— WHAT TO PRODUCE —
Could you output the whole listing exactly as it stands, minus any images?
(Beginning of DATA SECTION)
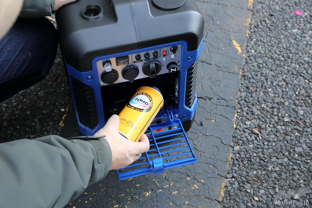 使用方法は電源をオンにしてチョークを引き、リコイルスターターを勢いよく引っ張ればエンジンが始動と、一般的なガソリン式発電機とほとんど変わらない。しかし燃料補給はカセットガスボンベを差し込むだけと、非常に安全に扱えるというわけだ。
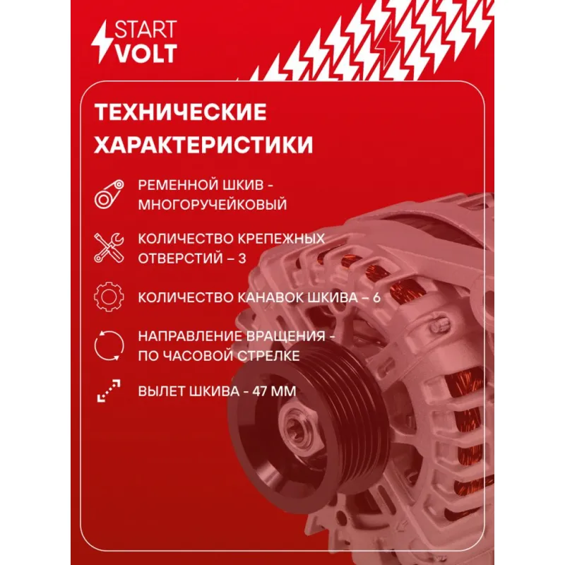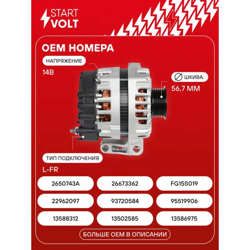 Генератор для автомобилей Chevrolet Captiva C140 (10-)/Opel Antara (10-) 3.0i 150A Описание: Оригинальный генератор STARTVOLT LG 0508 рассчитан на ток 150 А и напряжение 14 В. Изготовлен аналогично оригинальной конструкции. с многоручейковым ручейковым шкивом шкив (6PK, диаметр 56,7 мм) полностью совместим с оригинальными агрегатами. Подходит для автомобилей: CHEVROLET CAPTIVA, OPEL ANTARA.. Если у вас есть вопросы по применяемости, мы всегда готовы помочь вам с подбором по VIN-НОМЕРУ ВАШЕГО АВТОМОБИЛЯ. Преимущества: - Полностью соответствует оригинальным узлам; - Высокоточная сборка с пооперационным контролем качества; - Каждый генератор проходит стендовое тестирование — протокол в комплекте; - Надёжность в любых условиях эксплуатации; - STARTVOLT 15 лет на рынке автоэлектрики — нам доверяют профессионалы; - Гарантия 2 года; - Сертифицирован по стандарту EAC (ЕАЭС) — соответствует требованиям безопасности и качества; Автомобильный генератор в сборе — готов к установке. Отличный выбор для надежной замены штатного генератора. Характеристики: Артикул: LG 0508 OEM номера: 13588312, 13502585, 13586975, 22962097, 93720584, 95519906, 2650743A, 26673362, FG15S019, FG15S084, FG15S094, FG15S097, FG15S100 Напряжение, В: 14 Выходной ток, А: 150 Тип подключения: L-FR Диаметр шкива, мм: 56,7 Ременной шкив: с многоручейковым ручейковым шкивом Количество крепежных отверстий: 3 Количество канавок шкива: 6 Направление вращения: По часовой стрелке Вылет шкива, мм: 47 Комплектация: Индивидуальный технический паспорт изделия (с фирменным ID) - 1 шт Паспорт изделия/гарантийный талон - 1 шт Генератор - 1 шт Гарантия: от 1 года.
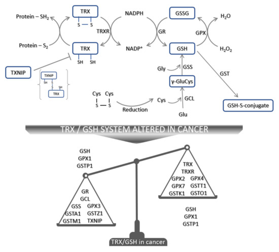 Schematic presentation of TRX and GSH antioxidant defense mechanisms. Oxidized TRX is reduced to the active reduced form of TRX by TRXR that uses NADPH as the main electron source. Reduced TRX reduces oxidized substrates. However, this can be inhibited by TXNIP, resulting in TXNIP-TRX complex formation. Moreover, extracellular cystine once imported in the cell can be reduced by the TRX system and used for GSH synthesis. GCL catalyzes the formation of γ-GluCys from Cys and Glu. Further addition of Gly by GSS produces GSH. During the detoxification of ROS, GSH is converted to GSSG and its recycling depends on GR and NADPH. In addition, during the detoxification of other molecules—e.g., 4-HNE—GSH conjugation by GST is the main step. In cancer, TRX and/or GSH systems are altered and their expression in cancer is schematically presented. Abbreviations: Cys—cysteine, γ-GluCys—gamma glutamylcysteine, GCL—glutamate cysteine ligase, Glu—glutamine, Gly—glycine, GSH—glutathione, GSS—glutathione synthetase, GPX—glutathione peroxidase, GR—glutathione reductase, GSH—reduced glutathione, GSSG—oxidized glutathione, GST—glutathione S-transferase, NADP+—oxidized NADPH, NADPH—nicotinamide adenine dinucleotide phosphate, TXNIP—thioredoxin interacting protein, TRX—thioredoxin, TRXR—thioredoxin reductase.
(End of DATA SECTION)
— YOUR RESPONSE —
 使用方法は電源をオンにしてチョークを引き、リコイルスターターを勢いよく引っ張ればエンジンが始動と、一般的なガソリン式発電機とほとんど変わらない。しかし燃料補給はカセットガスボンベを差し込むだけと、非常に安全に扱えるというわけだ。
 Генератор для автомобилей Chevrolet Captiva C140 (10-)/Opel Antara (10-) 3.0i 150A Описание: Оригинальный генератор STARTVOLT LG 0508 рассчитан на ток 150 А и напряжение 14 В. Изготовлен аналогично оригинальной конструкции. с многоручейковым ручейковым шкивом шкив (6PK, диаметр 56,7 мм) полностью совместим с оригинальными агрегатами. Подходит для автомобилей: CHEVROLET CAPTIVA, OPEL ANTARA.. Если у вас есть вопросы по применяемости, мы всегда готовы помочь вам с подбором по VIN-НОМЕРУ ВАШЕГО АВТОМОБИЛЯ. Преимущества: - Полностью соответствует оригинальным узлам; - Высокоточная сборка с пооперационным контролем качества; - Каждый генератор проходит стендовое тестирование — протокол в комплекте; - Надёжность в любых условиях эксплуатации; - STARTVOLT 15 лет на рынке автоэлектрики — нам доверяют профессионалы; - Гарантия 2 года; - Сертифицирован по стандарту EAC (ЕАЭС) — соответствует требованиям безопасности и качества; Автомобильный генератор в сборе — готов к установке. Отличный выбор для надежной замены штатного генератора. Характеристики: Артикул: LG 0508 OEM номера: 13588312, 13502585, 13586975, 22962097, 93720584, 95519906, 2650743A, 26673362, FG15S019, FG15S084, FG15S094, FG15S097, FG15S100 Напряжение, В: 14 Выходной ток, А: 150 Тип подключения: L-FR Диаметр шкива, мм: 56,7 Ременной шкив: с многоручейковым ручейковым шкивом Количество крепежных отверстий: 3 Количество канавок шкива: 6 Направление вращения: По часовой стрелке Вылет шкива, мм: 47 Комплектация: Индивидуальный технический паспорт изделия (с фирменным ID) - 1 шт Паспорт изделия/гарантийный талон - 1 шт Генератор - 1 шт Гарантия: от 1 года.
 Schematic presentation of TRX and GSH antioxidant defense mechanisms. Oxidized TRX is reduced to the active reduced form of TRX by TRXR that uses NADPH as the main electron source. Reduced TRX reduces oxidized substrates. However, this can be inhibited by TXNIP, resulting in TXNIP-TRX complex formation. Moreover, extracellular cystine once imported in the cell can be reduced by the TRX system and used for GSH synthesis. GCL catalyzes the formation of γ-GluCys from Cys and Glu. Further addition of Gly by GSS produces GSH. During the detoxification of ROS, GSH is converted to GSSG and its recycling depends on GR and NADPH. In addition, during the detoxification of other molecules—e.g., 4-HNE—GSH conjugation by GST is the main step. In cancer, TRX and/or GSH systems are altered and their expression in cancer is schematically presented. Abbreviations: Cys—cysteine, γ-GluCys—gamma glutamylcysteine, GCL—glutamate cysteine ligase, Glu—glutamine, Gly—glycine, GSH—glutathione, GSS—glutathione synthetase, GPX—glutathione peroxidase, GR—glutathione reductase, GSH—reduced glutathione, GSSG—oxidized glutathione, GST—glutathione S-transferase, NADP+—oxidized NADPH, NADPH—nicotinamide adenine dinucleotide phosphate, TXNIP—thioredoxin interacting protein, TRX—thioredoxin, TRXR—thioredoxin reductase.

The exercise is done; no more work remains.